Adapting concepts per market
Same app, different vocabulary. Map the core idea to terms locals actually use, not what a dictionary suggests.
- Finance: “budget planner” → DE: “Haushaltsbuch”, ES: “control de gastos”, JP: “家計簿”. These reflect how people talk about household money, not budgets in the corporate sense.
- Scanner: “PDF scanner” → DE: “Dokumentensscanner”, FR: “scanner PDF”, JP: “スキャナー アプリ”. Utility queries often prefer functional nouns over brandy phrases.
- Workout: “home workout” → DE: “Heimtraining”, ES: “ejercicio en casa”, FR: “sport à la maison”. Phrasing changes but the intent—training at home—stays constant.
Building the 100‑char keyword field
This field is all about coverage. Use it to widen net‑new queries that your title and subtitle don’t already capture.

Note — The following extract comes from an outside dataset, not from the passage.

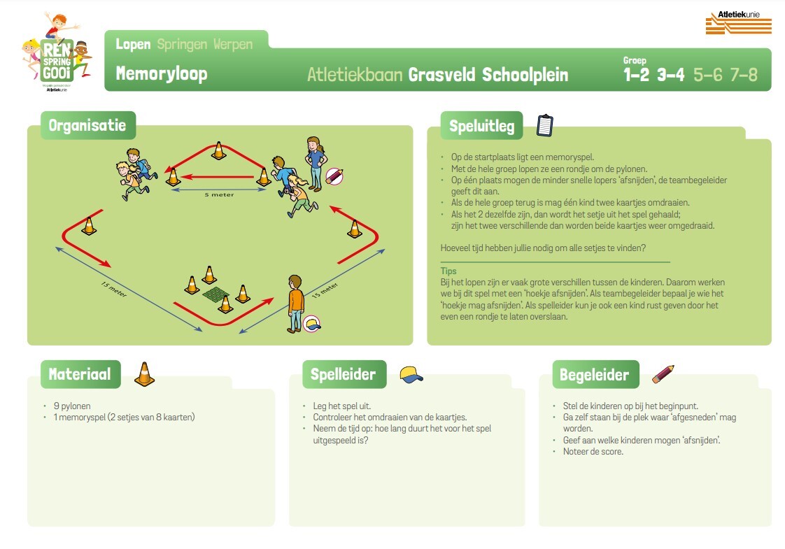 Met deze tool stel je jouw eigen atletiekdag samen op het schoolplein, op een grasveld of op een échte atletiekbaan. Het enige wat je vooraf bepaalt, is de duur van de activiteit, het aantal kinderen, de leeftijdsgroepen én de plek waar je deze dag wilt organiseren. Vraag de Ren.Spring.Gooi Atletiektoernooi-tool aan en ontvang deze in jouw mailbox. Elk onderdeel staat duidelijk uitgeschreven op een instructiekaart. Voor elke discipline zijn meerdere spellen uitgewerkt, zo giet je elk atletiektoernooi weer nét even in een ander jasje.

- Favor single words or short bigrams; drop spaces and articles to maximize the 100‑char field.
- Avoid duplicates already in title/subtitle; Apple de‑duplicates across fields, so reuse wastes space.
- Prefer variety over repetition; cover multiple intents rather than repeating one concept five ways.
- Use locale‑specific synonyms; only keep English loanwords when they’re popular in that market.
Quarterly optimization routine
ASO isn’t set‑and‑forget. A light, recurring review keeps you compounding gains without busywork.
- Export current keywords and rankings per locale.
- Swap 20–30% of underperformers; add 2–3 new concepts.
- Refresh “What’s New” and screenshots for top 3 locales to support the changes.
- Re‑evaluate in 3–4 weeks; keep winners.
Tooling quick comparison
Use tools to speed up research, but let real storefront behavior guide decisions. Start scrappy, upgrade as you scale.
- AppTweak / Sensor Tower: best for volume and competitor insights per country.
- App Radar: tracking and iterations; good for SMBs.
- Sheets + App Store suggestions: free, slower but effective if disciplined.
Start with free methods to learn the landscape; invest in tools once you're iterating regularly and need speed.
Key takeaways
- Don't translate keywords; adapt them to each market's search language.
- Score candidates on volume, relevance, and competition per locale.
- Use the 100‑char field to broaden coverage, not repeat title terms.
- Review quarterly; rotate underperformers and keep winners.